Linux operating system (support for Windows is planned, see https://github.com/brian-team/brian2cuda/issues/225)
NVIDIA CUDA GPU with compute capability 3.5 or larger
CUDA Toolkit with
Python version 3.6 or larger
Brian2: Each Brian2CUDA version is compatible with a specific Brian2 version. The correct Brian2 version is installed during the Brian2CUDA installation.
We recommend installing Brian2CUDA in a separate Python environment, either using a “virtual environment” or a “conda environment”. If you are unfamiliar with that, check out the Brian2 installation instructions.
To install Brian2CUDA with a compatible Brian2 version, use
python -m pip install brian2cuda
Use the install command together with the
python -m pip install --upgrade brian2cuda
This will also update the installed Brian2 version if required.
When you encounter a problem in BrianCUDA, we will sometimes ask you to install Brian2CUDA’s latest development version, which includes changes that were included after its last release.

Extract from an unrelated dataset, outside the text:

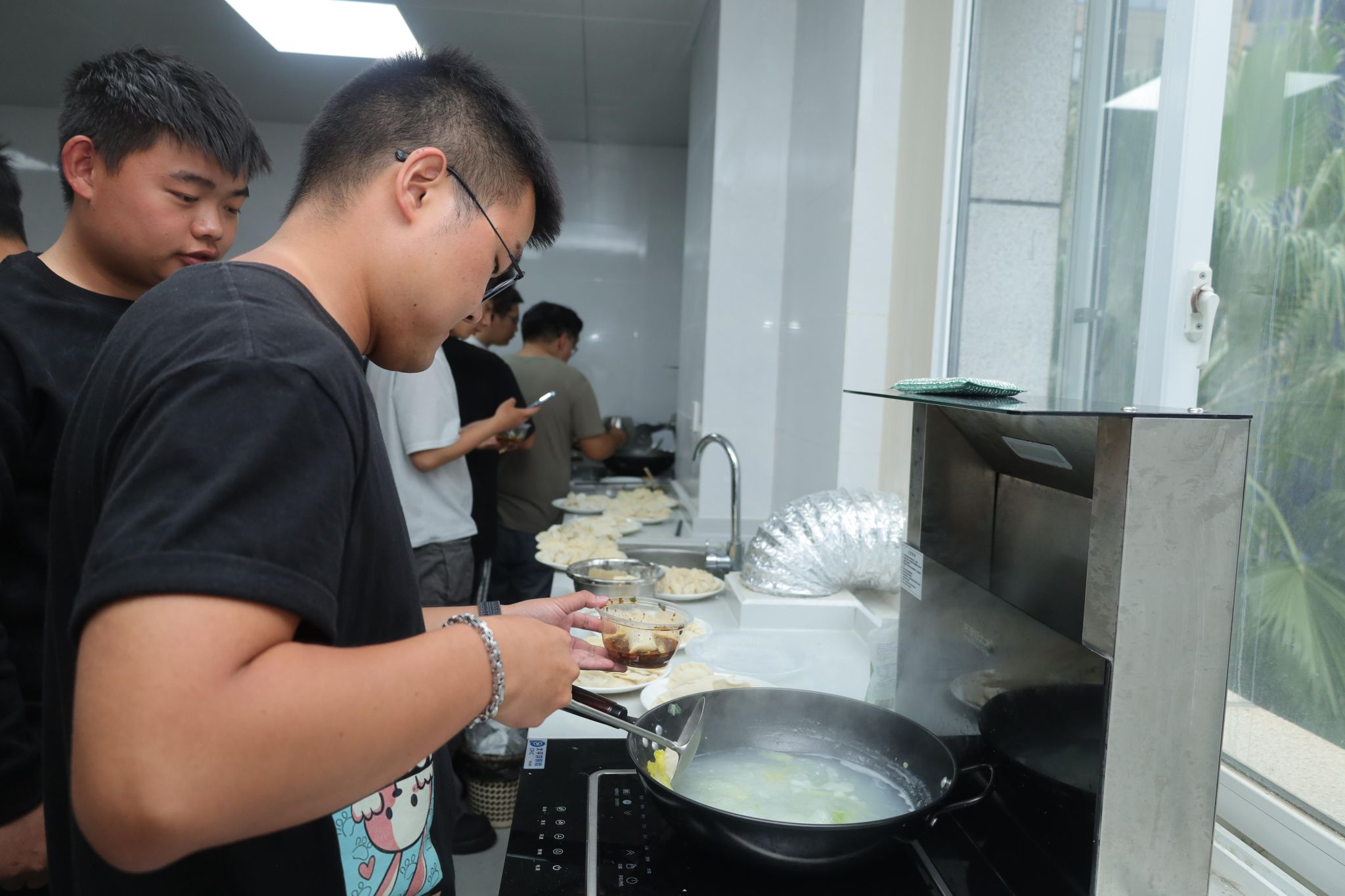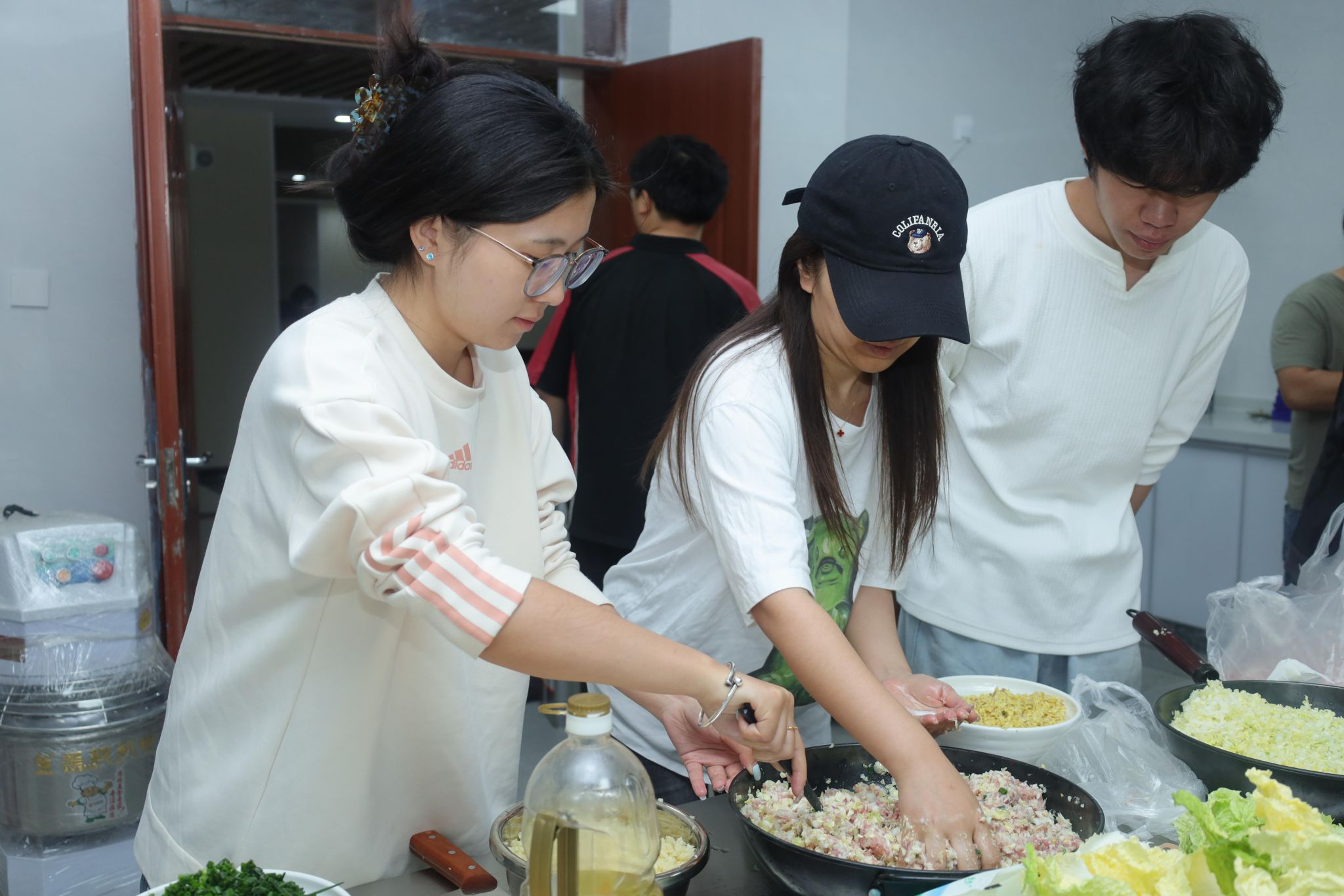 国庆、中秋双节期间,机械工程系为了让留校未回家的学子依旧能感受到家的温暖,组织值班干部和教师在学院共享食堂开展了烹饪活动。

We regularly upload the latest development version of Brian2CUDA to PyPI’s test server. You can install it via:
python -m pip install --upgrade --pre -i https://test.pypi.org/simple/ brian2cuda
Note that this requires that you already have a compatible Brian2 version and all of its dependencies installed.
If you have
git installed, you can also install directly from github:
python -m pip install git+https://github.com/brian-team/brian2cuda.git
If you want to either contribute to Brian’s development or regularly test its
latest development version, you can directly clone the git repository at github
(https://github.com/brian-team/brian2cuda) and then run
pip install -e
/path/to/brian2cuda, to install Brian2CUDA in “development mode”. As long as
the compatible Brian2 version doesn’t change, updating the git repository is in
general enough to keep up with changes in the code, i.e. it is not necessary to
install it again. If the compatible Brian2 versions changes though, you need to
manually update Brian2.
Brian2CUDA tries to automatically detect your CUDA toolkit installation and choose the newest GPU on your system to run simulations. To test if this detection and your installation were successful, you can run this test simulation:
import brian2cuda brian2cuda.example_run()
If the automatic CUDA and GPU detection fails or you want to manually change it, read Configuring the CUDA backend.
If you have the pytest testing utility installed, you can run Brian2CUDA’s test suite:
import brian2cuda brian2cuda.test()
This runs all standalone-comatible tests from the Brian2 test suite and additional Brian2CUDA tests (see the Brian2 developer documentation on testing for more details) and can take 1-2 hours, depending on your hardware. The test suite should end with “OK”, showing a number of skipped tests but no errors or failures. If you want to run individual tests instead of the entire test suite (e.g. during development), check out the Brian2CUDA tools directory.